Жалоба или молитва. Или же гимн – в лучшие времена свободы. Причем все – естественно, из глубины, от сути, в радости или ярости, и непременно с трудом – потому что и в тебе самом сопротивление, которым негодуешь. А если говорят о том, чтобы сесть и сделать (рисовать, писать), то что за результат считают: дерево, бумагу – но не душу, а она и вынуждена подчиняться часам и людям в мире – слабым людям, произволу их непостоянств, капризов, лености и невежества. А ты желаешь целого себя отдать – в красоте! – и рассыпаешься, теряешься, забываешь…


10


На синих густых небесах, над раскрашенными теплом домами, где люди, вернувшись с работы, готовятся к ужину, луна в облачном круге вдруг показалась мне глубоким саднящим порезом и напомнила о забытой тоске: насколько в юности больно и полно ощущала ее в себе, и как все раздробленно, мелко и пошло сегодня. Равнодушно смотрю, как красивы черные ветки на синем.

В холодном воздухе из далеких дворов ясно доносятся звуки шагов. Лед и мерзлость январской земли едва засыпаны свежим снегом. Каблуки скользят. В раздражении думаю о краткости отдыха и утреннем пробуждении. Круг, еще один круг, итого пять полных в неделю. Песок, месиво или крошка – моя сегодняшняя душа, и всякое человеческое присутствие в дне как случайность и необязательность, так же обрывочно и тревожно, столь же резко и раняще, столь же мешает…

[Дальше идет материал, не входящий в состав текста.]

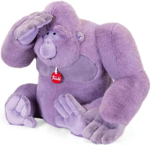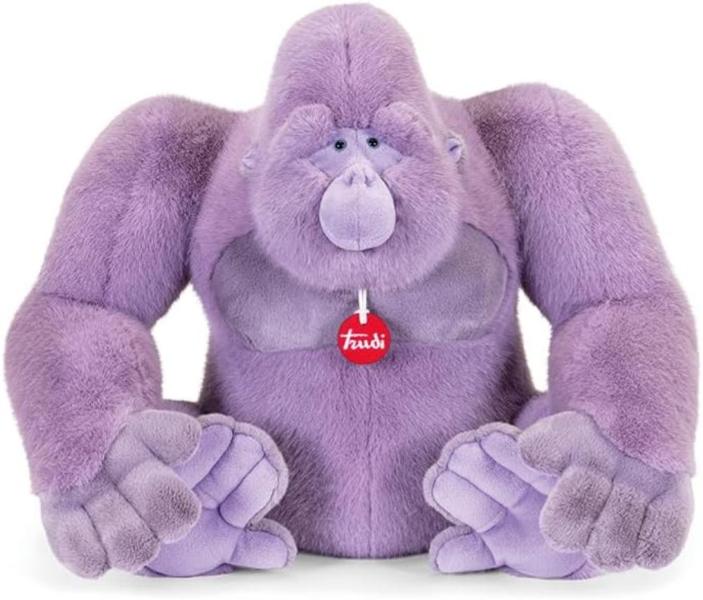 CONTENUTO - Gorilla Giorgio . Dalla giungla con furore (e un tocco di viola): arriva Giorgio, il peluche gorilla più stiloso di casa Trudi! Morbido, buffo e pronto a farsi coccolare, è il re degli animali esotici… almeno sul divano!

Думала о единичности таких явлений, как Достоевский и Гоголь. (Классическое, образцовое, то есть – мастерское. Впрочем, больше, огромнее – исключительное.) И вдруг мысль: классика не исчерпана.


11


Воскресный путь за городом год назад. Вдоль рыжих шпал и рельсов шагаю пешком, и по бокам сухие травы (бывает, что и в рост), большое небо (в ширину!) и тишина, душе привольно: в размахе рук – до горизонта, вверх – до неба и ласточек.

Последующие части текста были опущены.